Todos los sectores se ven influenciados por lo digital. Las empresas tienen que decidir si lideran esa transformación (aceptando que en algún momento se equivocarán) o si esperan a que otros la inicien (arriesgándose a convertirse en irrelevantes o directamente, a desaparecer). Si se quedan en lo superficial y sólo piensan en Internet como espacio en el que escribir tweets o publicar videos, fracasarán. La tecnología afecta a las empresas en tres niveles:

  • Como canal de venta: ¿Puede tu empresa vender en Internet? ¿Necesitas una plataforma de e-commerce? ¿Vas a vender en canales de otros? ¿Cómo afecta a tus canales actuales? ¿Qué ocurre con la logística? ¿Existen nuevos intermediarios? ¿Puedes vender el producto en nuevos mercados? Si aún no te has hecho estás preguntas, deberías comenzar a buscar respuestas.
  • Cómo plataforma de comunicación: En la era digital, importan tres cosas: lo que eres (Branding), lo que haces (Plan de acciones) y lo que cuentas (Comunicación). Todo alineado y como parte del núcleo del negocio.Más vale contestar estas tres preguntas antes de contratar a un Community Manager. Pero no olvides que hoy la comunicación de una compañía no depende de una persona o de un departamento sino de todas las personas. Se relaciona con sus clientes a través de puntos de contacto en los que Internet es una tecnología invisible que siempre está ahí.
  • Como cultura organizacional: Si has contestado afirmativamente a cualquiera de las dos cuestiones anteriores, seguramente tendrás que afrontar cambios importantes dentro de tu organización. Estos afectarán a su estructura; la formación será constante y no necesariamente reglada; el autoaprendizaje y la gestión del conocimiento cobrarán nuevas dimensiones; algunos puestos y muchas funciones se suprimirán o se transformarán total o parcialmente; la comunicación interna cambiará; se modificarán los procesos de selección de personal; establecerán nuevos sistemas de vigilancia competitiva; se adquirirá nuevo software; revisarán la política de proveedores y colaboradores; y en definitiva, la organización deberá adaptarse íntegramente a la era digital.
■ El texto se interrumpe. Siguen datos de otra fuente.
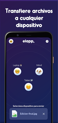 Elapp te permite enviar archivos a moviles y computadoras cerca tuyo. Envia fotos y videos a amigos alrededor tuyo super rapido sin perder calidad.
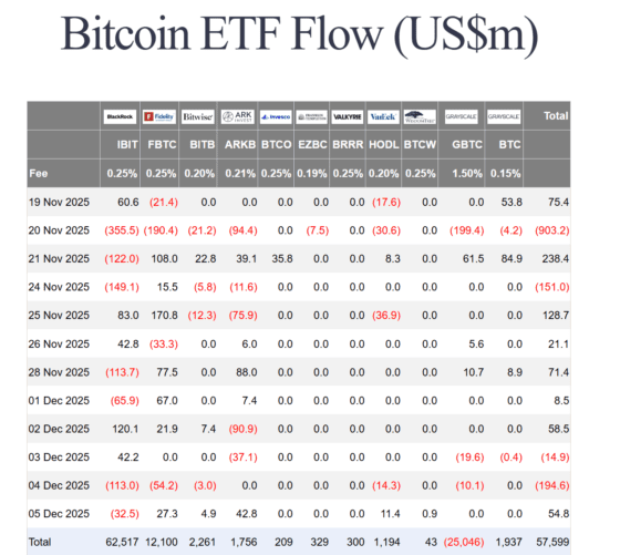 비트코인 ETF 시장은 11월 말부터 반등 흐름을 보이다 12월 초 재차 자금이 이탈하는 혼조 국면에 진입한 모습이다. GBTC의 대규모 유출은 멈췄지만, IBIT 등 신흥 강자에서도 차익 실현 매물이 나타나며 단기 조정 압력이 나타났다.

    La transformación empieza desde arriba

    En un cambio de esta magnitud no basta con que el Director de Marketing se haga cargo del proyecto y contrate a una consultora, a una agencia de Social Media o a un Community Manager. Tampoco se puede hacer cargo el Director de Marketing o el departamento de comunicación. Si la dirección general no se implica a todos los niveles, la toma de decisiones será más lenta. Las soluciones serán parciales. Y la frustración se hará latente. No importa la edad; que sepa usar el móvil o no; o que no tenga tiempo. Está en futuro la supervivencia del negocio. Confiar la digitalización de una empresa a tu community manager es como confiar la internacionalización a un traductor.
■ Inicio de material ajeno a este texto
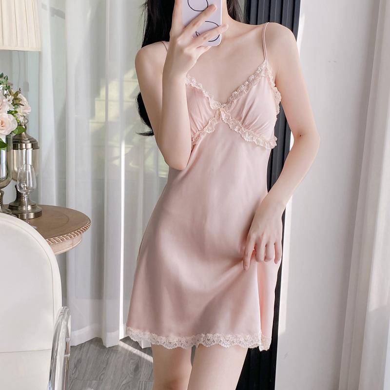 Damen Spitzen V-Ausschnitt Eisseide Pyjama Set mit Brustpolstern

    Formación y adquisición de competencias

    Incluso aquellos trabajadores que utilicen Facebook para colgar fotos de sus hijos o Instagram para enseñar sus cupcakes necesitan formarse. Digitalizarse es un proceso de inmersión en el que es necesario adquirir nuevos conocimientos, alterar visiones, cambiar hábitos y aprender otras competencias. Lo que aprendes hoy no sirve dentro de 4 meses. Y esto requiere una actitud híper abierta al cambio y a lo nuevo.
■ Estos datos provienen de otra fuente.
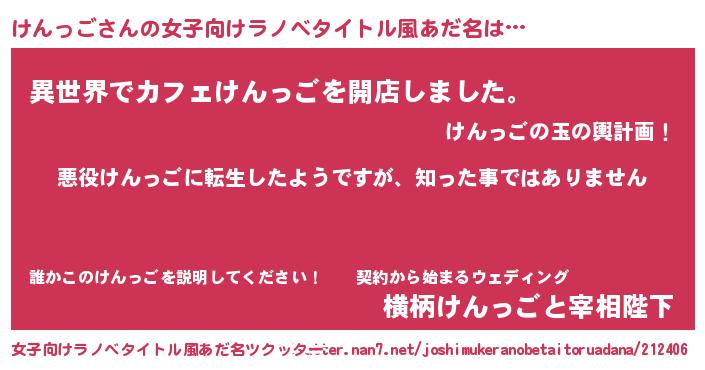 | 男性向けラノベタイトル風あだ名 | 『この素晴らしい世界にけんっごを!』 |

    Otra manera de hacer las cosas

    En la era digital, muchas de las cosas que hemos aprendido durante años ya no sirven. Aparecen otros valores y otras manera de hacer. Colaborar le come terreno a competir. La transparencia no es una opción, es una obligación. Abrirse y compartir (conocimiento, contenidos…) son valores en sí mismos. Escuchar es una necesidad porque la tecnología ha puesto a los consumidores al mismo nivel que las marcas. Se comunica 24/7/365. Hay que crear nuevas redes con el exterior para estar más conectado. ¿Estás las empresas preparadas para esto?

User experience

 

La mayor parte de la compañías se encuentra ante la disyuntiva de tener dinero para afrontar estos cambios pero no tiempo; o tener tiempo pero no dinero. Su supervivencia en el futuro dependerá de la decisión que tomen.